I currently have code like this:

for character in text {
    if condition(character) {
         continue
    } 

    let utf8ForCharacter = String(character).utf8
    doSomethingWith(utf8ForCharacter)
}

I am familiar-ish with how Unicode works, but by no means an expert, so maybe this question is stupid ... Is there a more efficient way of getting the UTF8 sequence for that particular character?

Wrapping the character into a new String only to immediately request the utf8 out of it somehow feels like I'm treading down the wrong path.

I could take the text.utf8 view and then analyze the stream of bytes in turn, but then I'm reimplementing the Unicode decoder so it seems like that's not the answer. The other thing I considered was enumerating text.indices and then using that to fetch each character, and finding the UTF8 slice using characterIndex.samePosition(in: text.utf8) but that intuitively didn't feel efficient (or nice to write either).

(This code is not causing a performance bottleneck, so there's no pressing problem to solve. I'm merely interested if there was something more idiomatic.)

Michael_Ilseman · January 28, 2019, 7:56pm

For now, you can use String(myCharacter).utf8, which (currently in Swift 5) will not perform a deep copy if the character is large. Swift 5 has small-form optimizations for Characters of up to 15 UTF-8 code units in length, so in practice you often wouldn't even care about the deep copy.

After Swift 5.0 wraps up, we should add all of these missing views to the next release, such as UTF8View on Character.

Michael_Ilseman · January 28, 2019, 7:59pm

Also, you can try String(myCharacter).utf8.withContiguousStorageIfAvailable { utf8 in ... } if you want the lowest level of access to the content. Another thing we should add next release is something like this directly on String/Character/Unicode.Scalar.

bzamayo · January 28, 2019, 8:00pm

Awesome. Thanks.

jrose · January 28, 2019, 10:57pm

Remember also that a Character is not the same as a code point (Unicode scalar). This is one character, but at least three code points: x̂̌ ('x' + COMBINING CIRCUMFLEX ACCENT + COMBINING CARON). It's possible that iterating over text.unicodeScalars is closer to what you want…

(since you didn't specify what doSomethingWith is going to do)

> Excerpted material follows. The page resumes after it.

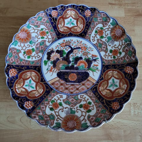 Jag säljer nu en rund Plastbricka med blå kant och blomdekor i mitten. Fatet har en bred dekorativ bård med upphöjda detaljer runt kanten och ett blommotiv i centrum. Passar som serveringsfat eller uppläggningsfat.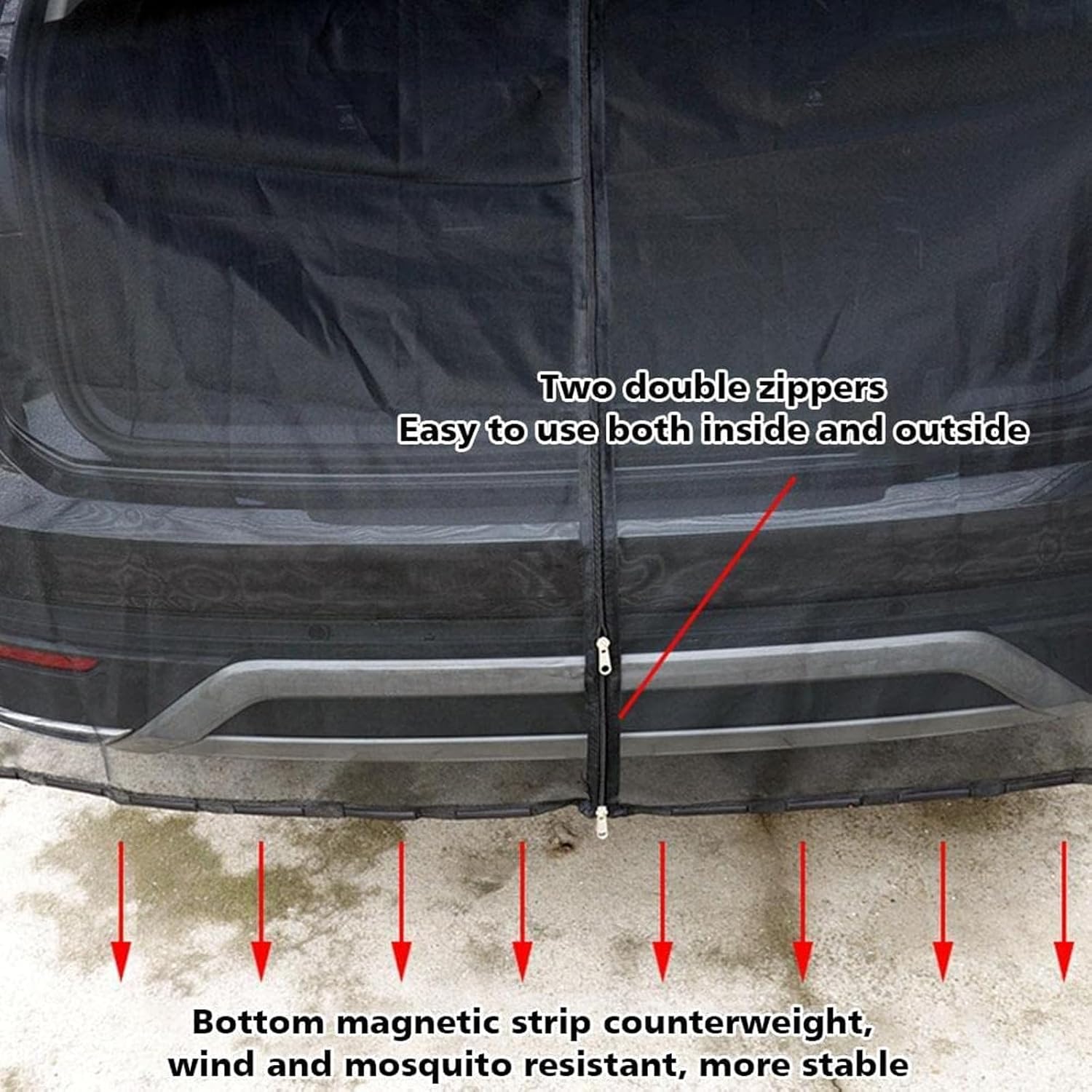 - 🚘Grosse Grösse: 180 x 150 cm mit Reissverschluss, Öffnung innen und aussen. Kann die Belüftung und den Sonnenschutz des Fahrzeugs verbessern. Die Sonnenblende für die Heckklappe des Autos kann den Luftstrom des Fahrzeugs verbessern, Ihre Kinder

…except that Unicode.Scalar doesn't have a good way to get the UTF-8 out of it either, right now. There's an accessor for UTF-16 but not UTF-8.

Michael_Ilseman · January 29, 2019, 12:14am

Yeah, rounding this all out is part of my list of things to attack right after 5.0 wraps up. Here's what it should be:

View	Read	Mutate
String (Default)	Bidirectional	RangeReplaceable
String.UnicodeScalarView	Bidirectional	RangeReplaceable
String.UTF16View	Bidirectional	no
String.UTF8View	Bidirectional	no
Substring (Default)	Bidirectional	RangeReplaceable
Substring.UnicodeScalarView	Bidirectional	RangeReplaceable
Substring.UTF16View	Bidirectional	no
Substring.UTF8View	Bidirectional	no
Character.UnicodeScalarView	Bidirectional	no
Unicode.Scalar.UTF16View	RandomAccess	no
(to add) Unicode.Scalar.UTF8View	RandomAccess	no
(to add) Character.UTF16View	Bidirectional	no
(to add) Character.UTF8View	Bidirectional	no

(mutation below scalar boundaries introduces the need for encoding validity checking after a batch of operations, which is a whole other area for the future)

bzamayo · January 29, 2019, 1:32am

That would explain a (different) problem I was having. Thanks for pointing this out.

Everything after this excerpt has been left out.